Enable HTTP2 with Tomcat in Spring Boot

You need to add the HTTP 2 upgrade protocol to Tomcat's connector. You can do that by customizing the embedded Tomcat container:

Java 8:

@Bean
public EmbeddedServletContainerCustomizer tomcatCustomizer() {
    return (container) -> {
        if (container instanceof TomcatEmbeddedServletContainerFactory) {
            ((TomcatEmbeddedServletContainerFactory) container)
                    .addConnectorCustomizers((connector) -> {
                connector.addUpgradeProtocol(new Http2Protocol());
            });
        }
    };
}

Java 7:

@Bean
public EmbeddedServletContainerCustomizer tomcatCustomizer() {
    return new EmbeddedServletContainerCustomizer() {

        @Override
        public void customize(ConfigurableEmbeddedServletContainer container) {
            if (container instanceof TomcatEmbeddedServletContainerFactory) {
                ((TomcatEmbeddedServletContainerFactory) container)
                        .addConnectorCustomizers(new TomcatConnectorCustomizer() {
                    @Override
                    public void customize(Connector connector) {
                        connector.addUpgradeProtocol(new Http2Protocol());
                    }

                });
            }
        }

    };
}

In Spring Boot 2 you first need a certificate - it can by generated like this:

keytool -genkey -keyalg RSA -alias my-the-best-api -keystore c:\tmp\keystore.store -storepass secret -validity 3650 -keysize 2048

Than you just need to add this certificate to classpath and add needed properties to application.properties:

server.http2.enabled=true
server.port = 8443
server.ssl.key-store=classpath:keystore.jks
server.ssl.key-store-password=secret

The most elegant and best-performing way to enable HTTP/2 with a Spring Boot application follows here.

First, as mentioned in Andy Wilkinson's answer, you need to enable HTTP/2 at Tomcat level:

@Bean
public EmbeddedServletContainerCustomizer tomcatCustomizer() {
    return (container) -> {
        if (container instanceof TomcatEmbeddedServletContainerFactory) {
            ((TomcatEmbeddedServletContainerFactory) container)
                    .addConnectorCustomizers((connector) -> {
                connector.addUpgradeProtocol(new Http2Protocol());
            });
        }
    };
}

In case you are not using an embedded Tomcat, you can set up HTTP/2 listening like this:

<Connector port="5080" protocol="HTTP/1.1" connectionTimeout="20000">
    <UpgradeProtocol className="org.apache.coyote.http2.Http2Protocol" />
</Connector>

Remember that you need Tomcat >= 8.5.

Then, you should use HAProxy (version >= 1.7) in front of Tomcat to take care of encryption.

The client will speak https to HAProxy, and HAProxy will speak cleartext HTTP/1.1 or HTTP/2 to the backend, as the client requested.

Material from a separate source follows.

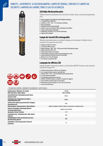 74 WWW.BRENNENSTUHL.COMARBEITS-, SICHERHEITS- & TASCHENLAMPEN /LAMPE DE TRAVAIL, TORCHES ET LAMPES DE S%u00c9CURIT%u00c9/LAMPADE DA LAVORO, TORCE E LUCI DI SICUREZZALED Akku WerkstattleuchteFlexibler Einsatz bei exzellentem Licht, mit Ein/Aus-Schalter. Staub- und spritzwassergesch%u00fctzt, IP 54.%u25a0 Bestens geeignet in der Werkstatt und f%u00fcr Hobbyanwendungen.%u25a0 12 Superhelle Seoul SMD LEDs.%u25a0 Funktionen: 100 % - 40 % - 10 % f%u00fcr lange Leuchtdauer.%u25a0 Ein/Aus Drucktaster.%u25a0 Mit ergonomischem Gummihandgriff.%u25a0 Stabiler, auszieh- und drehbarer Haken und Magnet im Standfuss.%u25a0 Schlag- und bruchfeste Schutzschale.%u25a0 Integrierter Li-Ion Akku 3,7 V/2,2 Ah mit Ladeanzeige.%u25a0 Inklusive USB-Ladekabel.Lampe de travail LED rechargeableUtilisation polyvalente gr%u00e2ce %u00e0 un excellent %u00e9clairage, avec interrupteur. Prot%u00e9g%u00e9e contre la poussi%u00e8re et les projections d%u2019eau, IP54.%u25a0 Id%u00e9ale pour l%u2019atelier et les loisirs.%u25a0 12 LED Seoul SMD tr%u00e8s claires.%u25a0 Modes d%u2019%u00e9clairage : 100% - 40% - 10% pour une dur%u00e9e d%u2019%u00e9clairage plus longue.%u25a0 Bouton-poussoir marche-arr%u00eat.%u25a0 Poign%u00e9e ergonomique en caoutchouc.%u25a0 Crochet robuste, extensible, rotatif et aimant int%u00e9gr%u00e9 dans le socle.%u25a0 Coque de protection r%u00e9sistante aux chocs et incassable.%u25a0 Batterie Li-Ion 3,7V/2,2Ah int%u00e9gr%u00e9e.%u25a0 Avec c%u00e2ble de raccordement USB.Lampada da officina LEDImpiego flessibile e luminosit%u00e0 eccellente, con interruttore ON/OFF. Protezione contro la polvere e gli spruzzi d%u2019acqua IP 54.%u25a0 Particolarmente indicata in officina e per l%u2019hobbistica.%u25a0 Con 12 potent LED extra luminosi Seoul-SMD-LED.%u25a0 Funzioni: 100 % - 40 %%u00a0 - 10 % per lunghi tempi di masterizzazione.%u25a0 Con tasto/interruttore ON/OFF.%u25a0 Con impugnatura ergonomica in gomma.%u25a0 Robusto, estensibile e girevole, con gancio e magnete nel supporto.%u25a0 Guscio protettivo resistente agli urti e alla rottura.%u25a0 Batteria agli ioni di litio integrata 3,7 V/2,2 Ah con spia ricarica.%u25a0 Cavo di carica USB incluso.TECHNISCHE DATEN / DONN%u00c9ES TECHNIQUES / DATI TECNICIArtikelnummer/ R%u00e9f%u00e9rence / N%u00b0 articolo 1175580EAN/ Code-barre / Codice a Barre 4007123667888Gesamtlichtstrom/ Flux lumineux total/ Flusso luminoso totale 520 lmFarbtemperatur/ Temp%u00e9rature de couleur/ Temperatura del colore 6500 KSchutzart (IP)/ Indice de protection (IP)/ Categoria di protezione (IP) IP54Batterie Bauart/ Type de batterie / Tipo di batteria Akku fest eingebaut/ Batterie int%u00e9gr%u00e9/ Accumulatore a installazione fissaBatterie Technologie / Technologie batterie / Tecnologia della batteria Lithium-Ion / Ioni di litioSpannung / Tension / Tensione 3.7 VLeuchtdauer max./ Autonomie max./ Max. durata della luce 24 hSchlagfestigkeit/ Indice de r%u00e9sistance aux chocs (IK)/ Resistenza agli urti IK08Schutzklasse / Classe de protection / Classe di protezione IIIIP54Li-IonINCLUSIVEMAX. IK08 24h520LUMEN

There will be no unnecessary protocol translations.

The matching HAProxy-configuration is here:

# Create PEM: cat cert.crt cert.key ca.crt > /etc/ssl/certs/cert.pem

global
    tune.ssl.default-dh-param 2048
    ssl-default-bind-options no-sslv3 no-tls-tickets force-tlsv12
    ssl-default-bind-ciphers ECDH+AESGCM:DH+AESGCM:ECDH+AES256:DH+AES256:ECDH+AES128:DH+AES:ECDH+3DES:DH+3DES:RSA+AESGCM:RSA+AES:RSA+3DES:!aNULL:!MD5:!DSS
    chroot /var/lib/haproxy
    user haproxy
    group haproxy

defaults
    timeout connect 10000ms
    timeout client 60000ms
    timeout server 60000ms

frontend fe_https
    mode tcp
    rspadd Strict-Transport-Security:\ max-age=31536000;\ includeSubDomains;\ preload
    rspadd X-Frame-Options:\ DENY
    bind *:443 ssl crt /etc/ssl/certs/cert.pem alpn h2,http/1.1
    default_backend be_http

backend be_http
    mode tcp
    server domain 127.0.0.1:8080
    # compression algo gzip # does not work in mode "tcp"
    # compression type text/html text/css text/javascript application/json

Edit 2019

I face two problems when using mode "tcp"

  • Compression does not work, since it depends on mode http. So the backend has to take care of it
  • The backend can not see the client's IP-address. Probably I need NAT. Still investigating...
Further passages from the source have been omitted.